Бланка посмотрела на него в ужасе.
– Как это – нет паспорта? Скажи, а в школу ты ходил?
–
Мне не разрешили, хотя я хотел. Родители всю жизнь заставляли меня вкалывать на пасеке. Читать я научился сам по старым журналам, которые давала мне Эрмохенес, которая завивает волосы маме. Зато у меня есть друг, – сказал он с гордостью. – Сын школьного учителя. Он дает мне почитать книги, которые сам уже прочитал, я прячу их под камнями возле ульев, чтобы папа их не видел. Он не большой любитель чтения; говорит, что книжки забивают голову всякой ерундой и можно возгордиться…– Ты когда-нибудь был в Витории?
– Да, на День Сантьяго, мы там покупали чеснок. И на ярмарке в праздник Белой Богородицы, где я при-сматривал за… – Он хотел сказать за «братом и сестрой», но даже им самим не нравилось, когда Нанчо называл их братом и сестрой. – За Идойей и Андони, младшими детьми папы и мамы.
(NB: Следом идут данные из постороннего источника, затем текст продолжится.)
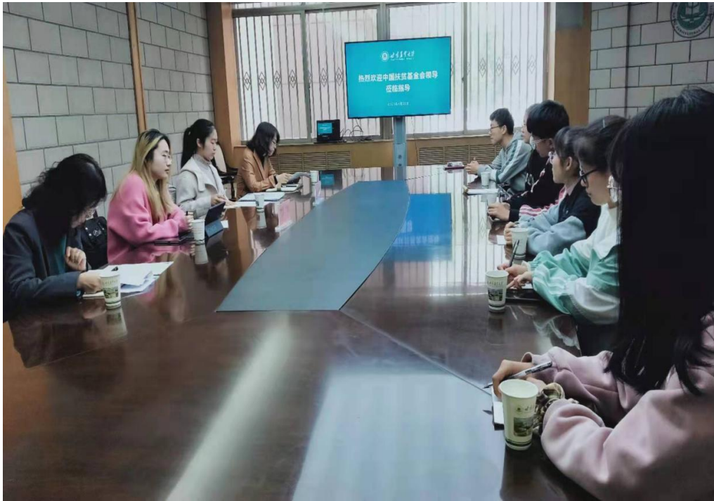
(图 4: 甘肃农业大学项目受益学生分享)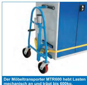
Der Möbeltransporter MTR600 hebt Lasten mechanisch an und trägt bis 600kg.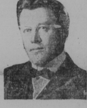
Hon. J. T. M. Anderson.

Utan tvivel kan det bästa resultatet uppnås just genom ett opartiskt avgörande av en fristående tribunal enligt det framställda förslaget. partierna. I lördags öppnades riksdagen under sedvanliga ceremonier i den nyresterade rikssalen. Tron-talet beväddade sänkta inkomskatter och åtgärder för jordbruksnäringens upphjälpande, främst spannmålstullarnas höjande. Riksstas visat en balans på åttahundraåtta miljoner kronor. Remissdebatten är utsatt till fredagen. Ett särskilt utskott skall tillsättas i jordbruksfrågan. Redan de första dagarna har ett stort antal motioner avlämnats, däribland flera beträffande tullar på spannmål.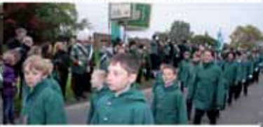
Vorbeimarsch an der Ehrentribüne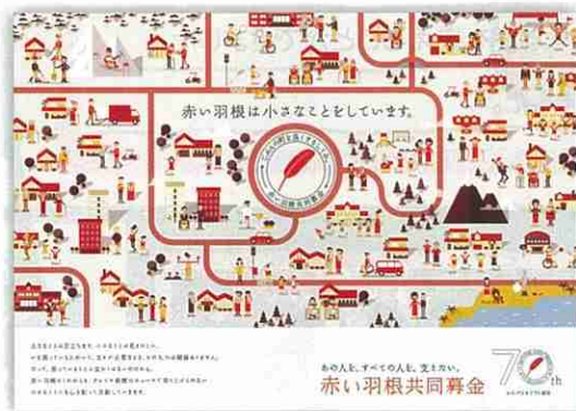
平成28年度 赤い羽根共同募金ポスター

Мне не разрешают отлучаться по вечерам, говорят, что в позднее время по улицам шатаются одни пьяницы.
– Я увезу тебя с собой в Виторию, если ты захочешь – уйти из этого дома. Ты должен познакомиться с настоящими братьями, Игнасио и Тасио. Сначала я поговорю с ними и расскажу им твою историю – они не знают о твоем существовании.
– Сеньора… – перебил он Бланку. Ему показалось, что голова вот-вот лопнет. – А как же мои папа и мама? Я их не обижу?
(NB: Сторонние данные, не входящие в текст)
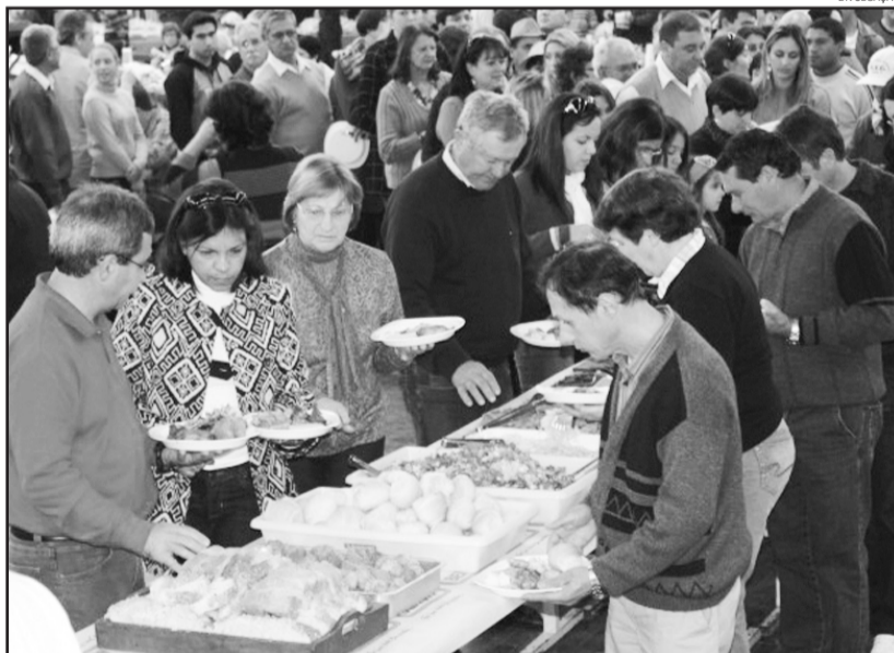
Este ano acontece o 27 o Festival Colonial Italiano

Tudo que diz respeito à preservação dos usos e costumes das diferentes etnias devem ser respeitados como um direito humano, tão importante e imprescindível como os demais.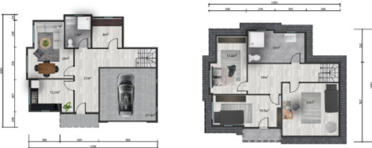
Zemin kat planı/ Ground floor plan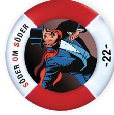
Mandrake-illusion Mystery | D3,5 T3,5 | Regular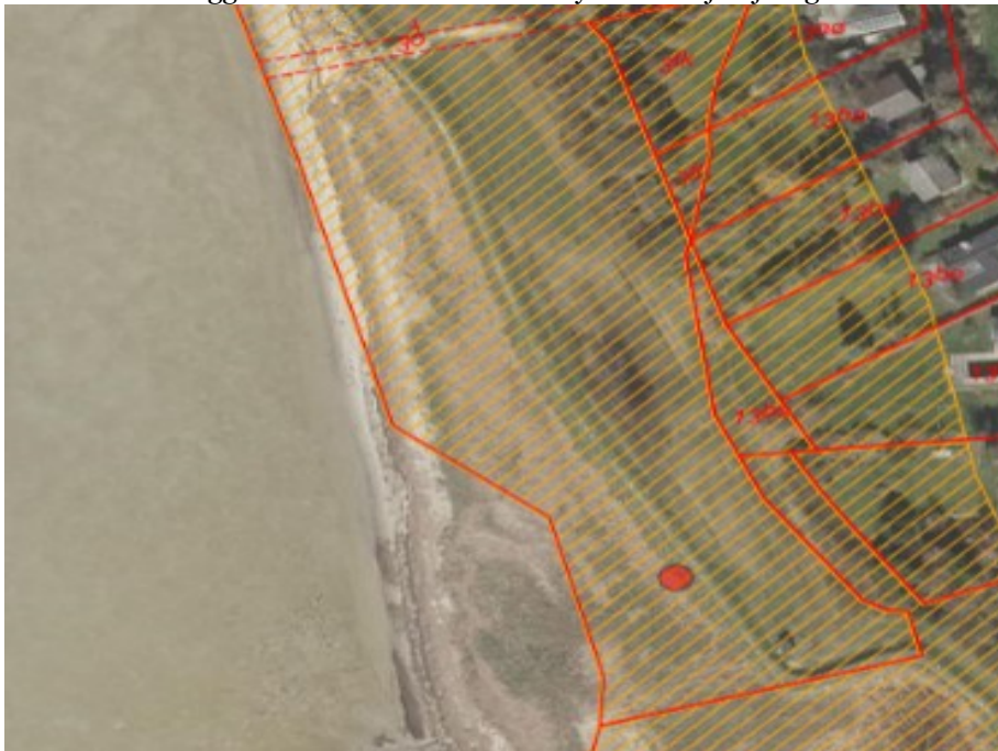
Figur 1. Strandbeskyttelseslinjen er markeret med gul skravering og matriklen er udpeget med rød prik.

Området er beliggende inden for strandbeskyttelseslinjen jf. figur 1.

– Скажи, Нанчо: твои родители с тобой хорошо обращаются?
– Я ем с ними за одним столом, и мне есть где спать, – ответил Нанчо. Он был унижен собственным ответом, но равнодушно пожал плечами, делая вид, что ему все равно.
– Сынок, они хорошо с тобой обращаются? – настаивала Бланка. Она взяла в свои ладони его лицо и внимательно посмотрела в глаза. Заметила, что под левым глазом у парня темнеют следы давнего синяка, которые он старательно прикрывал челкой. Смотреть на этот синяк было гораздо больнее, чем ощущать боль в собственном теле.
«Что за жизнь у тебя тут, сынок…»
– Это наши дела, сеньора. Не хочу говорить плохо о папе, – сказал Нанчо, убирая ее руки от своего лица.
– В деревне говорят, что они обращаются с тобой не как с сыном: для них ты батрак, рабочая сила.
Нанчо покраснел до ушей. Так оно и было. Это началось после рождения его брата и сестры: их ждали, а его нет. До тех пор родители растили его как собственного сына, даже разрешали называть их папа и мама. Но с того дня, как мама вернулась от врача и с порога завопила, что беременна, жизнь для него изменилась навсегда.
– Значит, вы все-таки за этим пришли? Посмеяться надо мной, сделать еще больнее? – вспыхнул парень, – стараясь прогнать дурные воспоминания. – Знаете, сеньора, мне хватает того, что у меня есть, а сейчас я опаздываю, надо доставить заказы. Если отец узнает, что я не отнес банки с медом в супермаркет «Аврора», он меня изобьет.
Бланка с трудом себя сдерживала. Что эти негодяи сделали с ее ребенком?
Она подошла к юноше, чей рост оказался чуть ниже ее, и взяла за подбородок, заставив смотреть себе в глаза.
– Сынок, я через все это прошла еще до твоего рождения, и я бы хотела, чтобы ты запомнил то, что я тебе сейчас скажу: когда тебя бьют, твоей вины в этом нет. Твоей вины в этом нет! Понял? Этот человек скажет, что виноват ты. Ему выгодно, чтобы ты остался и продолжал работать, но это не твоя вина.
– Это не моя вина, – покорно проговорил парень.
– Позволь, я обниму тебя, сынок.
– Что-что? – не понял Нанчо.
– Позволь, обниму тебя. Я восемнадцать лет мечтала это сделать. – Бланка не стала дожидаться, когда растерянный парень ей ответит. Она обняла его изо всех немногих сил, которые сэкономила для этой встречи. Нанчо почувствовал тепло белой пушистой шубы и прекрасной женщины, на которую она была надета.